Autre affaire en seconde partie : les débuts encore tout récents de François‑Xavier Roth à la tête du SWR Symphonieorchester. Une nomination concomitante de polémiques embarrassantes que l’on n’a guère envie d’évoquer ici, mais surtout à la tête d’un orchestre toujours marqué par les séquelles d’une politique culturelle catastrophique, aberration déjà longuement analysée dans ces colonnes et qu’il serait vain de continuer à ressasser, même si ses effets perdurent. Quoi qu’il en soit, les années ont passé, au point que François‑Xavier Roth puisse accepter aujourd’hui un poste qu’il aurait certainement décliné lorsque la crise institutionnelle battait son plein. Preuve que même les blessures les plus profondes peuvent finir par cicatriser.

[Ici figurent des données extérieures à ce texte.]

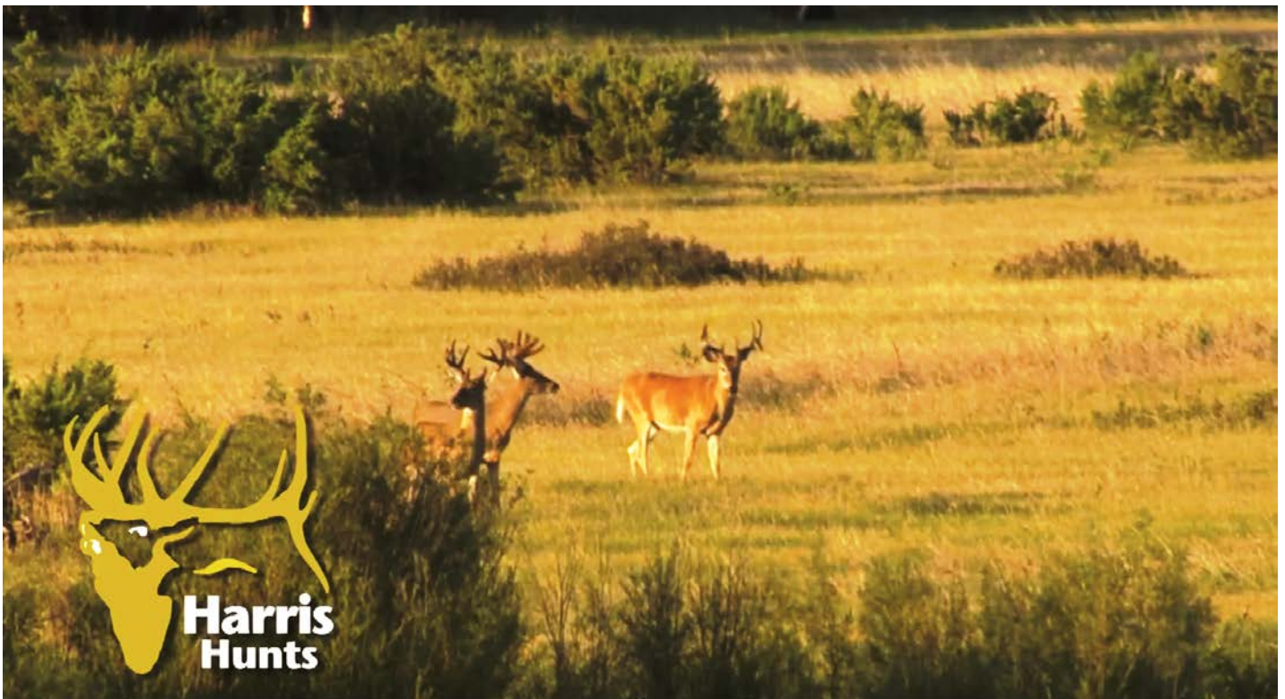
Ranch Whitetail Bucks

Disclaimer All information is from sources deemed reliable, but cannot be guaranteed as accurate. Prospective buyers are encouraged to research the information to their own satisfaction. Any offer is subject to errors, omissions, prior sale, change or withdrawal without notice, and approval of seller. Water rights are subject to the Montana Water Court.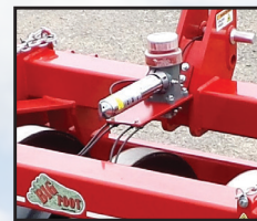
Optional Electronic Lubrication System:

This product is protected by USPN 10,654,325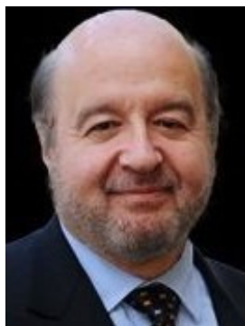
Hernando de Soto

14–16 April 2016 Maison de la Paix, Geneva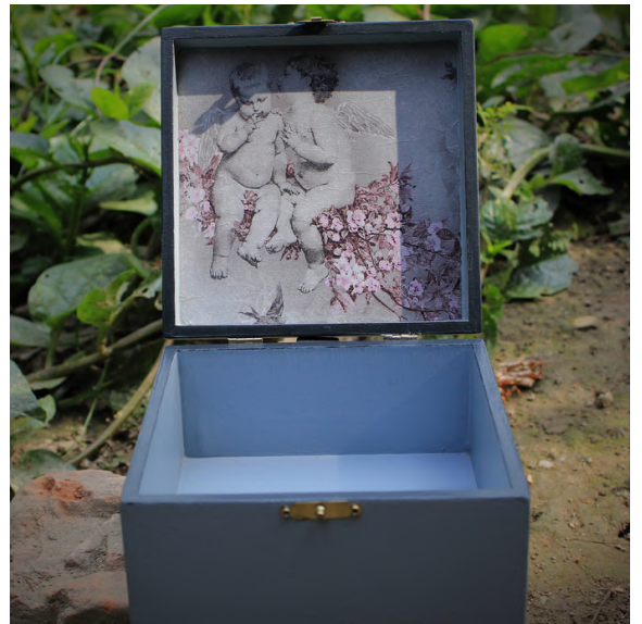
SQUARE BOX SIZE- 6" x 6" x 3"

TO PLACE AN ORDER, PLEASE CONTACT : Chaiti Chakraborty at 7044033548 or chaiti@isankalpa.org We take custom orders based on your requirements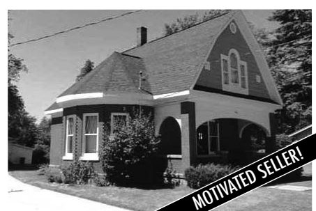
705 PROSPECT ST., EAST JORDAN

GORGEOUS! This custom built beauty has so much to offer. Enjoying nature and all its glory will become a favorite past time with the 3 season screened in porch room, pole barn for all your "toys", and use of the 80 acres of common land to explore and enjoy. The home itself brings a beautiful master suite for privacy, fireplace, windows in all the right locations, and a BONUS room above the garage for your choice of uses, too much to list!MLS 434374. Ask for Mike Stark $289,900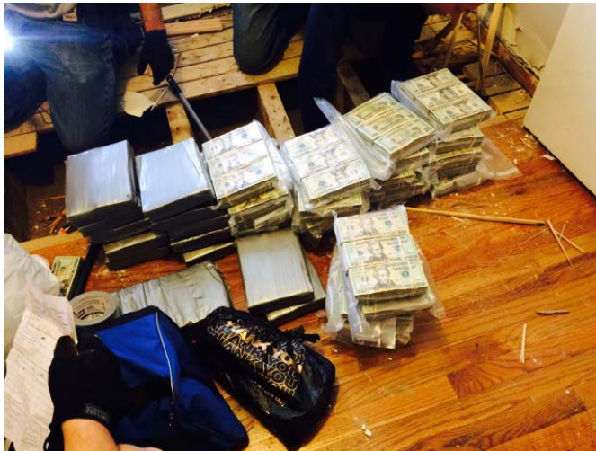
Figure 1: Currency discovered hidden beneath the floorboards.

On May 17, 2015, HSI agents in New York seized over $2 million in currency from a heroin trafficking organization. The case had begun in September of 2012, when HSI agents who were part of the El Dorado Task Force (EDTF), in conjunction with US Drug Enforcement Administration (DEA) agents, initiated a money laundering/drug trafficking investigation of heroin traffickers operating in the Bronx, NY area.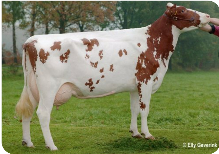
Florina (VG 88) (dam of Frontier)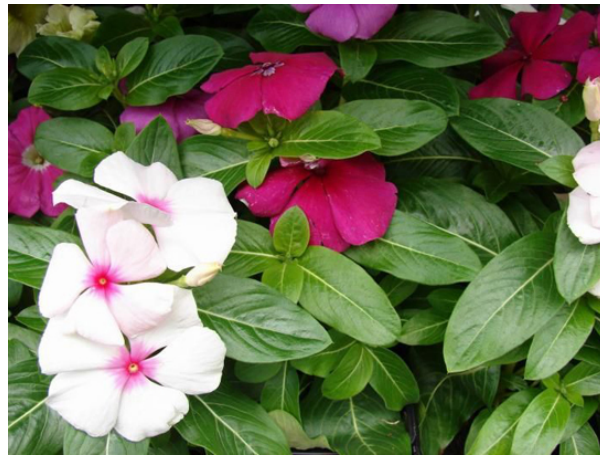
Figure 47.8 Catharanthus roseus , the Madagascar periwinkle, has various medicinal properties. Among other uses, it is a source of vincristine, a drug used in the treatment of lymphomas.

derived from plant compounds include aspirin, codeine, digoxin, atropine, and vincristine (Figure 47.8). Many medicines were once derived from plant extracts but are now synthesized. It is estimated that, at one time, 25 percent of modern drugs contained at least one plant extract. That number has probably decreased to about 10 percent as natural plant ingredients are replaced by synthetic versions. Antibiotics, which are responsible for extraordinary improvements in health and lifespans in developed countries, are compounds largely derived from fungi and bacteria.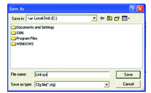
Figure 5-11: Export a Profile

Chapter 5: Using the Wireless Network Monitor Profiles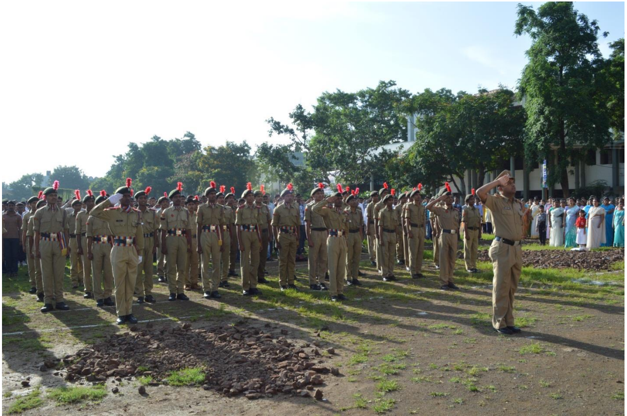
Figure 1 Independence Day Celebration.

Entre-temps, la carrière artistique de François‑Xavier Roth s’est nettement infléchie vers l’historiquement informé, et ce qu’il propose ce soir dans Beethoven n’a plus grand‑chose à voir avec l’héritage façonné naguère par Michael Gielen à la tête du défunt Orchestre du SWR de Baden‑Baden et Freiburg. Peut‑être davantage, en revanche, avec les pratiques défendues par Roger Norrington à la tête du tout aussi défunt Orchestre du SWR de Stuttgart : éviction quasi systématique du vibrato, cors et trompettes naturels, timbales viennoises nettement plus « claquantes » que les modèles à pédale, etc. Il en résulte une Septième Symphonie martiale, astringente, sèche, pugnace... On pourrait multiplier les adjectifs, mais ils resteraient tous dans cette zone un peu inconfortable, disons, modérément agressive. Une esthétique qui semble toutefois convenir à un orchestre où l’on remarque de nombreux nouveaux musiciens, très jeunes, et qui, de toute façon, demeure pensée, maîtrisée, sans verser dans trop d’excès (en particulier un dernier mouvement maintenu dans un tempo relativement raisonnable).
Créditons au moins ici François-Xavier Roth d’un effort réel pour redonner une personnalité à un orchestre qui, longtemps, n’en avait plus aucune, même si ce n’est peut‑être pas celle dont on rêve pour cette symphonie. Mais, là encore, tout dépend du système de références de chacun – Harnoncourt et Gardiner, ou Gielen et Karajan ? – puisqu’à une époque où tout jugement trop tranché dans ce domaine tend à devenir suspect, l’appréciation critique ne semble plus permise que sous cette forme prudemment relative. Un point marquant cependant : quelques mesures au cours du premier mouvement, où Beethoven sonne presque... comme du Lachenmann ! Et ça, quand même, c’est très fort.